Wednesday, April 10, 2024
does space have any natural coordinates?
How about the least age?
How do you stay in the same spot?
time is different everywhere
I guess at the start of the big bang, time was the same, that is zero, and the rate of change was the same.
That all changed immediately, and neither measure has ever been the same since.
Measuring time has its problems, because you cannot talk about a point in space. Really you can only talk about the track of the clock itself. And to do anything useful you have to have two clocks that do separate tracks through space time before meeting up again.
Now two identical clocks left in the same place at the same time , will stay the same of course. But if one was dropped off the earth in a 'stationary position' and wait for the earth to do a loop round the sun and then to jump back onto the earth, the times are going to be very different. But neither one is special. They are both orbiting the centre of the galaxy.
It is difficult to see how one does not get inconsistencies in this whole operation, and maybe that would be worth looking at to discover some better understanding of the nature of time.
Basically the question is how do you arrange how to meet up at the pub at lunch time.
you could arrange a line of specially chosen clocks in a line.

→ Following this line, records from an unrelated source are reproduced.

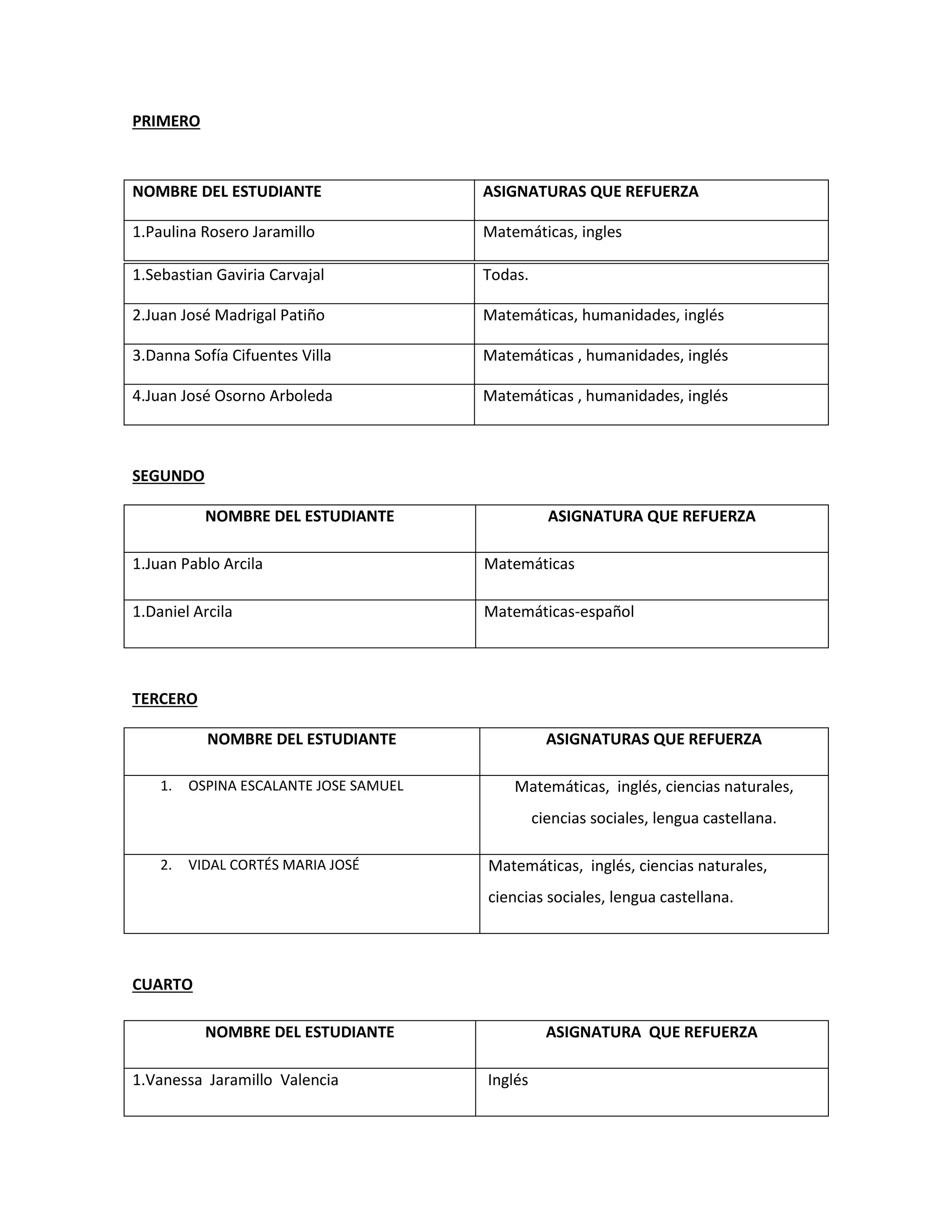 El documento lista los nombres de estudiantes y las asignaturas que cada uno refuerza en diferentes grados. La mayoría de estudiantes refuerza matemáticas, geometría, ciencias naturales, sociales, lengua castellana e inglés. Algunos también refuerzan otras asignaturas como física, química, tecnología, ética y filosofía.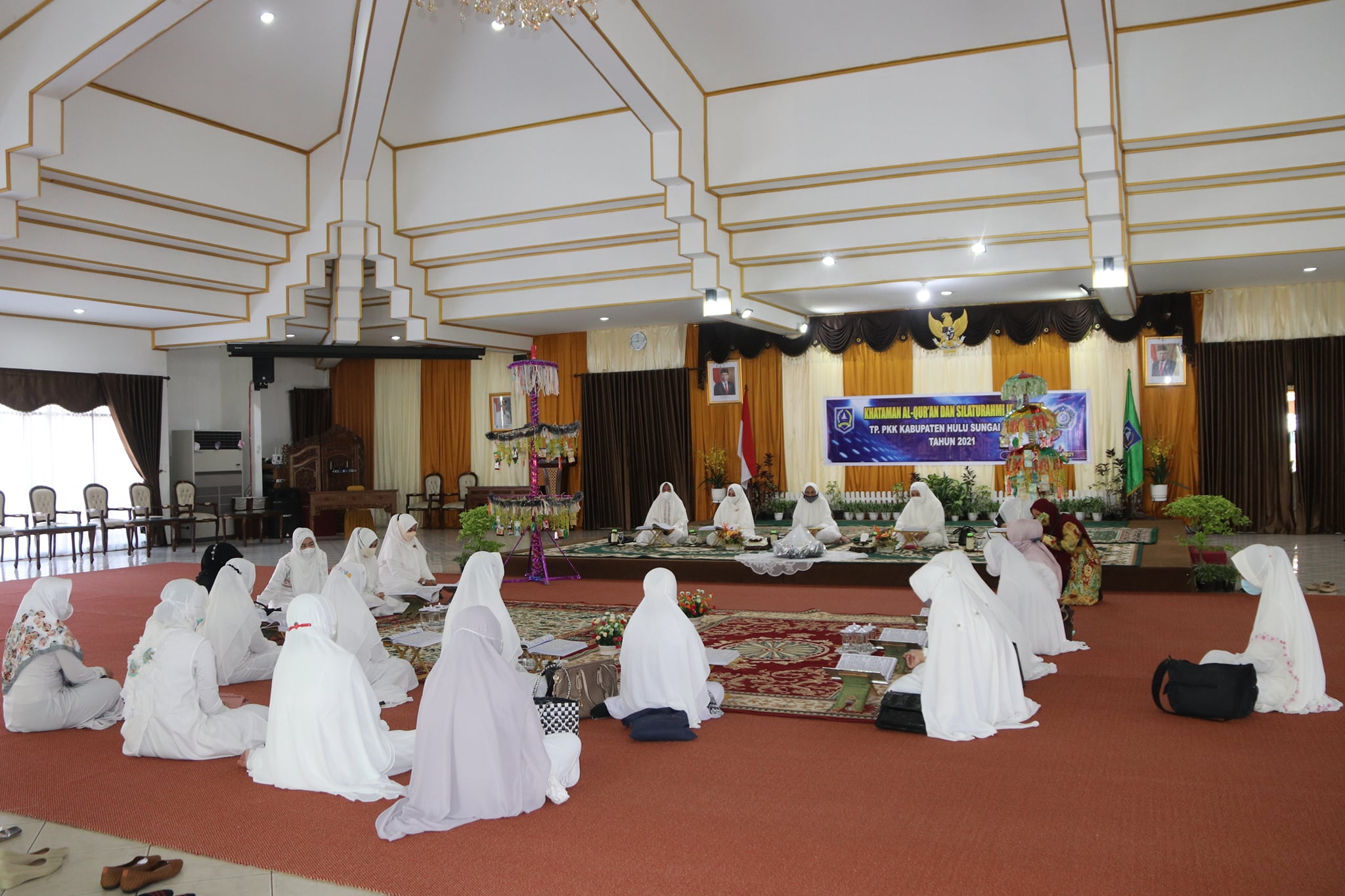 Khataman Al-Quran dibimbing langsung oleh Hj. Taniah Sanar dan diikuti oleh Ketua TP-PKK Kab. HSS Hj. Isnaniah, Wakil Ketua I TP-PKK Kab. HSS Srie Astuti, Wakil Ketua II TP-PKK Kab. HSS Hj. Elyani Yustika, seluruh Ketua TP-PKK Kecamatan dan pengurus TP-PKK Kab. HSS.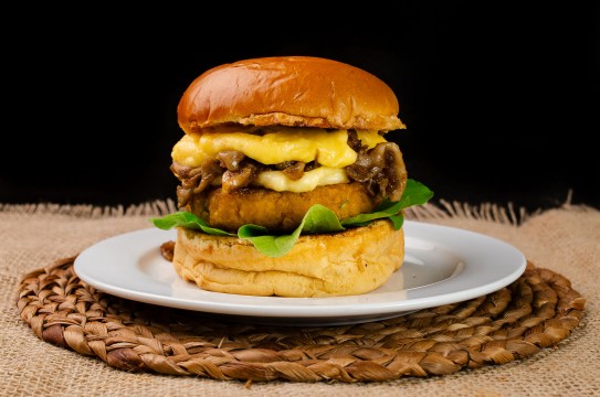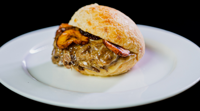Pão brioche selado na manteiga, proteína de shimeji, queijo vegetal, vinagrete de coentro e rúcula. LAS VEGG COMIDA VEGANA Rua13 De Junho, 641Loja 16. Centro. Campo Grande-MS Telefone: 67 99201 0708 @LASVEGGCG

And walk done the line with the clock stationary, or even going backwards in time.
Even more peculiar is that clocks attached to radio waves from the big bang would not even have started.
So if you look at the universe at time zero, ( that is those places with clocks at time zero) you would see everywhere that these photons eventually went in the future illuminated by these initial photons. This would include where they had been bent round future objects that did not exist at time zero.
This is all completely bonkers. Maybe the conclusion is that these clocks really don't exist or cannot conceptually travel. Or maybe that light cannot actually travel at the speed if light, and maybe these clocks always move forward just a little.
Talk about weird.
And presumably plenty of these photons are still out there in the background radiation, waiting to illuminate something.